Global Pillage
by David A. Zimmerman?
If there’s such a thing as an original thought, you probably won’t find it in “Strangely Dim.”
I realized this fact while I was looking through the book Imagine by Steve Turner. I was checking some facts for another book and discovered this passage:
If our wish is that the things of this life should “grow strangely dim,” then we
have developed a dualistic way of life. We are not seeing the important
division as that which exists between righteousness and evil but between the
material and the nonmaterial.
That’s brilliant! I wish I’d thought of it.
Wait a minute—I thought I had.
I haven’t read Imagine (you can learn about it at ivpress.com), but I did spend a lot of editorial time with it during its production. I’m sure that at the very least I read this passage then. It’s entirely possible I went around the building telling people how cool it was.
There was a time, I’ve read (my source is none of your business), when unacknowledged borrowing of others’ ideas was commonplace in publishing—probably because few enough books were being published that original ideas were easily traced to their source. There was a time as well when people in two different countries could come up with the same idea independent of one another—such were the limitations of global communication.
But these days are not those days. These days even hapless borrowing like mine of Steve Turner’s idea (imported all the way from England) can get you expelled from colleges, newspapers and presidential campaigns. Ideas in the current economy are saleable assets, and stealing intellectual property (such as MP3s or AIDS medication formulas or, let’s face it, concepts for an online column) is tantamount to stealing stock certificates: they’re worth more than they seem on paper.

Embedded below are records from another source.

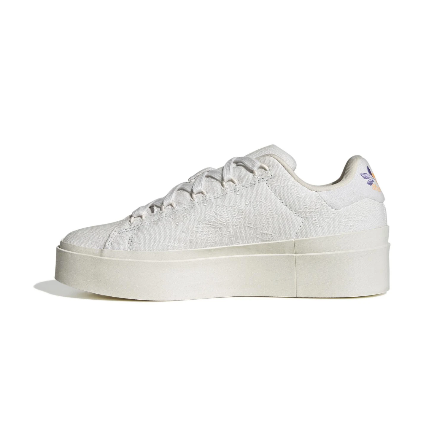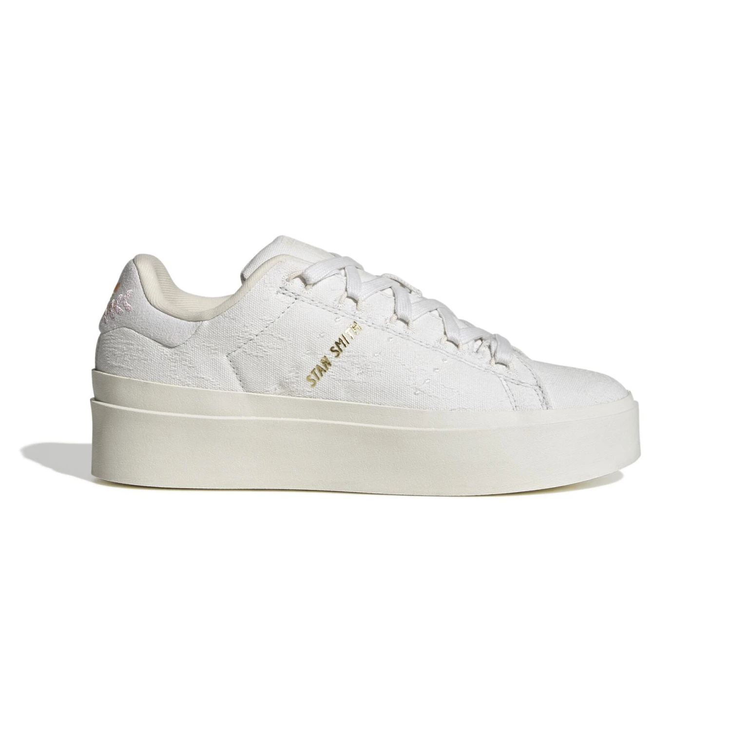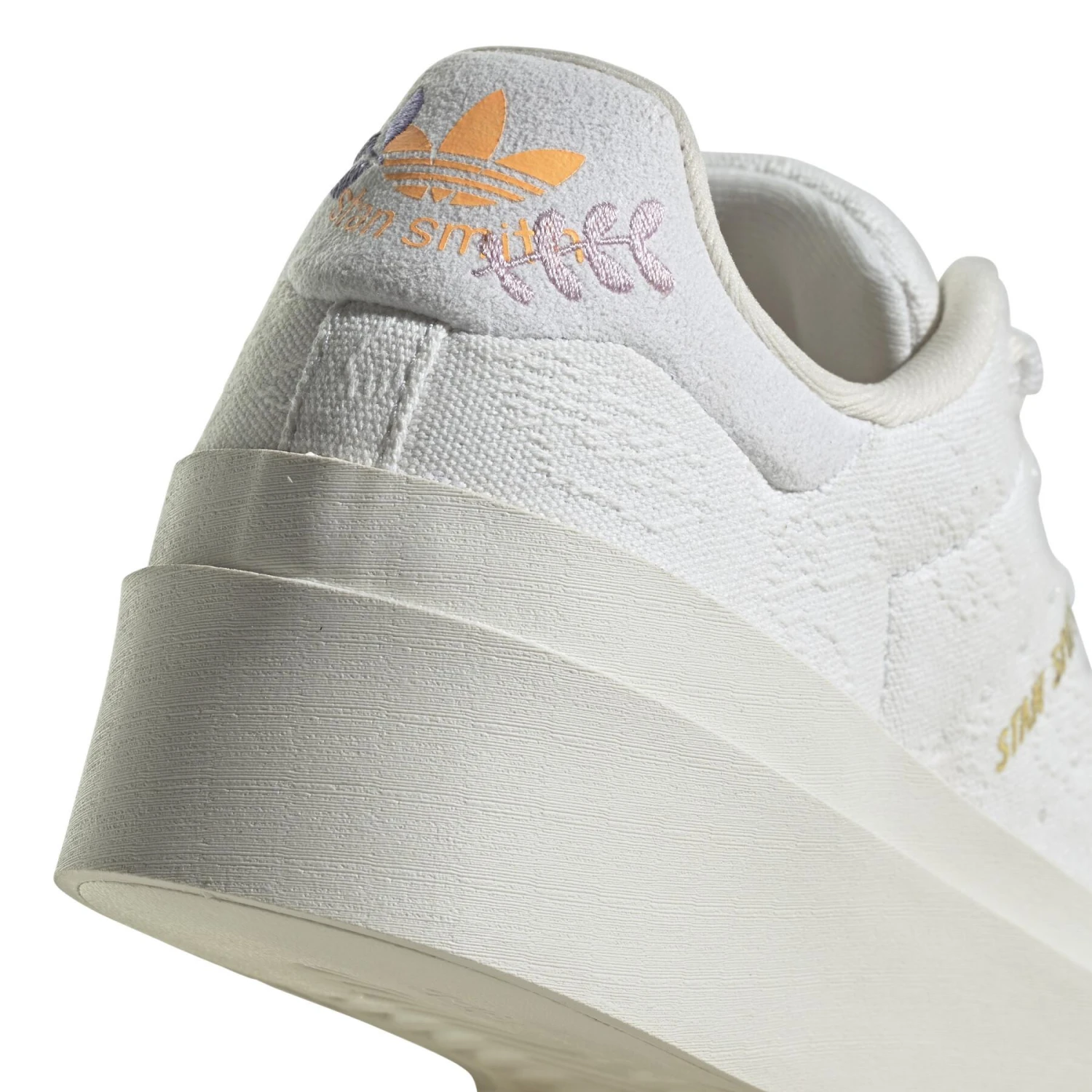 Minimalistisch van veraf, maar geraffineerd van dichtbij. Deze adidas Stan Smith sleehak heeft een nonchalante look look, met een gebroken wit bovenwerk en 3 klassieke geperforeerde strepen. Maar als je goed oplet, zie je ingewikkelde bloemendetails die een eerbetoon zijn aan de Plant Appreciation Month. De sleehakzool geeft je hoogte en het discrete gouden detail voegt een vleugje glitter toe aan je outfit. Het bovenwerk is gemaakt van 50% gerecycled materiaal minimum. Dit product is slechts een van onze oplossingen tegen plastic afval.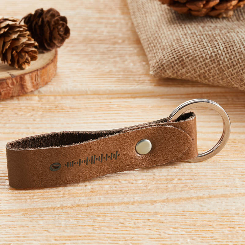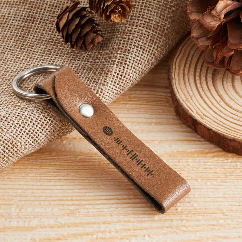 Custom Scannable Spotify Code Leather Keychain Personalized Music Song Key Chain Memorial Gifts for Him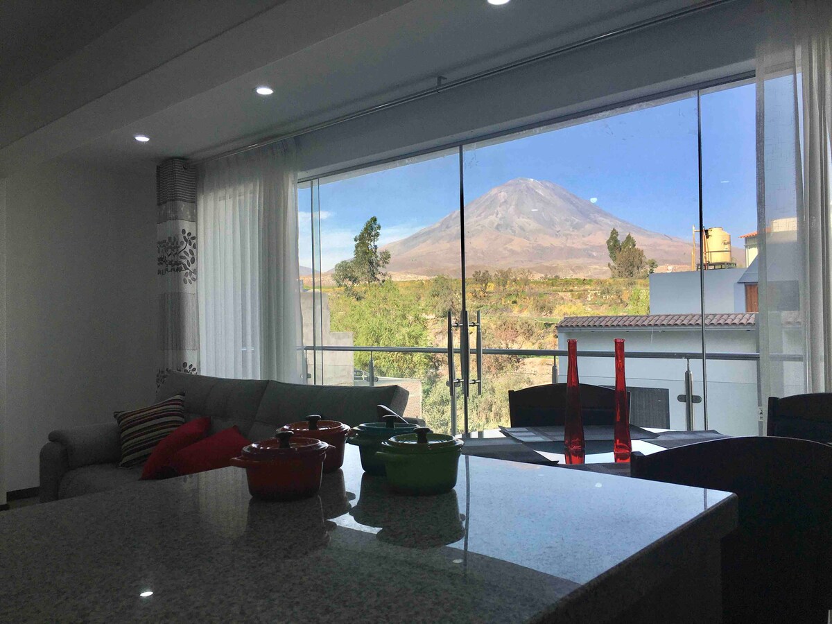 Perfecto departamento para una estadia placentera con acabados de primera y cama king size!!! Vistas panoramicas a un paso del corazón financiero y comercial de Arequipa con seguridad privada. Los principales actractivos de la ciudad estan a pocos minutos caminando como la plaza de Yanahuara y la plaza de Cayma donde podras disfrutar de la mejor gastronomia de la local. Disfruta de una experiencia con estilo en este alojamiento céntrico. Piso 5 edificio familiar sin ascensor.

And yet, they are only ideas, after all. It’s not beyond plausibility that two people could have roughly the same idea at the same time; you see late-night talk show hosts make virtually identical jokes about the same current event on a regular basis, for example. And where did the “Jinx—buy me a Coke” phenomenon come from, if not the cultural reality that people think along the same lines a lot?

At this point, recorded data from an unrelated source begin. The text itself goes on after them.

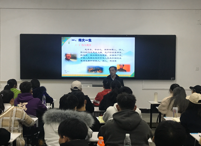 12月17日晚,为纪念毛泽东同志诞辰一百二十六周年,更深地了解湖湘文化,beat365党委副书记刘铁铭教授于致远楼603为青马工程培训班全体学员作了以“毛泽东与湖湘文化”为主题的专题讲座。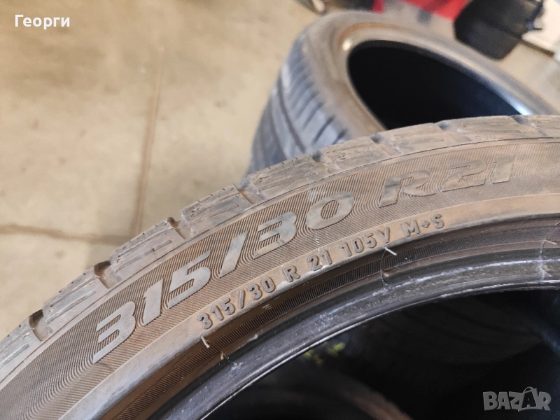 2бр.Pirelli , 315/30/21, ДОТ 3120, 4.5mm грайфер, цената е за 1бр. Гумите са перфектни, без забележки, проверени са на джанта за кривини, балони... !!! Разполагаме с всякакъв размер нова и втора употреба гуми от 14-22 цола за автомобил, джип и бус.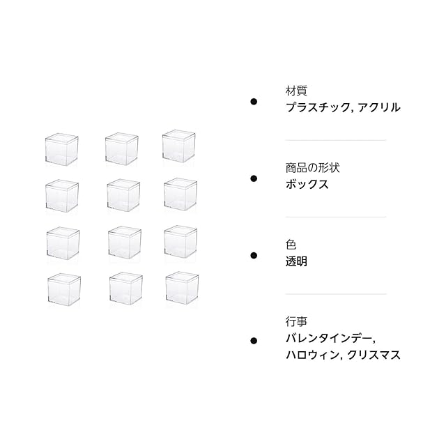 商品名:ギフトボックス 透明 アクリル キャンディー ボックス キューブ ケース プラスチック小分けケース 小物用収納ボックス 立方体 アクセサリー パーツ ビーズ収納 詰め替え容器 12個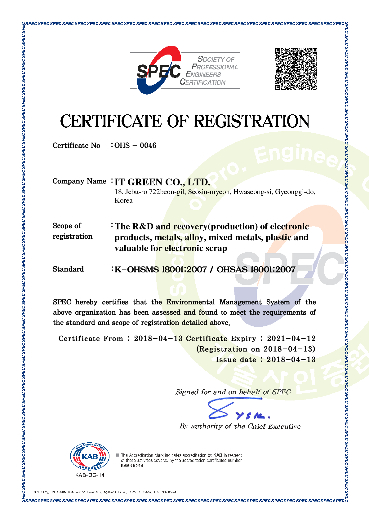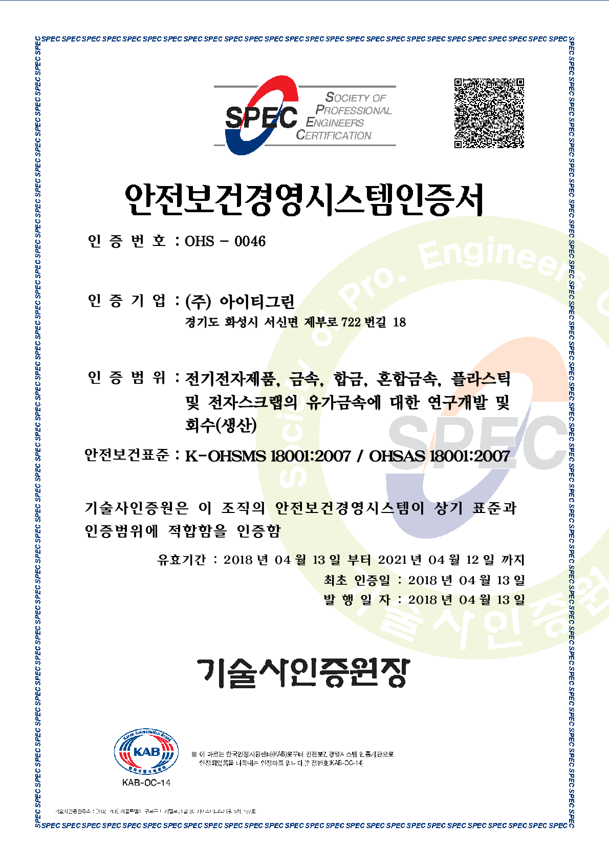 "안전보건경영시스템 인증(OHSAS18001:2007)" _ 2018. 04. 03

More important, who cares whose idea the AIDS cocktail was when millions of people are dying from AIDS every year because of intellectual property disputes? If original thoughts were such a commodity, the Gospel of Mark could have sued the Gospels of Luke and Matthew for damages a long time ago, and Mark would have won the lawsuit.
Sadly, my own case doesn’t benefit from these arguments. “Strangely Dim” is not a solution to the AIDS pandemic, nor is it holy writ. So I must beg forgiveness of Steve Turner, recommend that you buy his book Imagine, and warn you to never vote for me for president. There’s no telling what I’d say to get elected.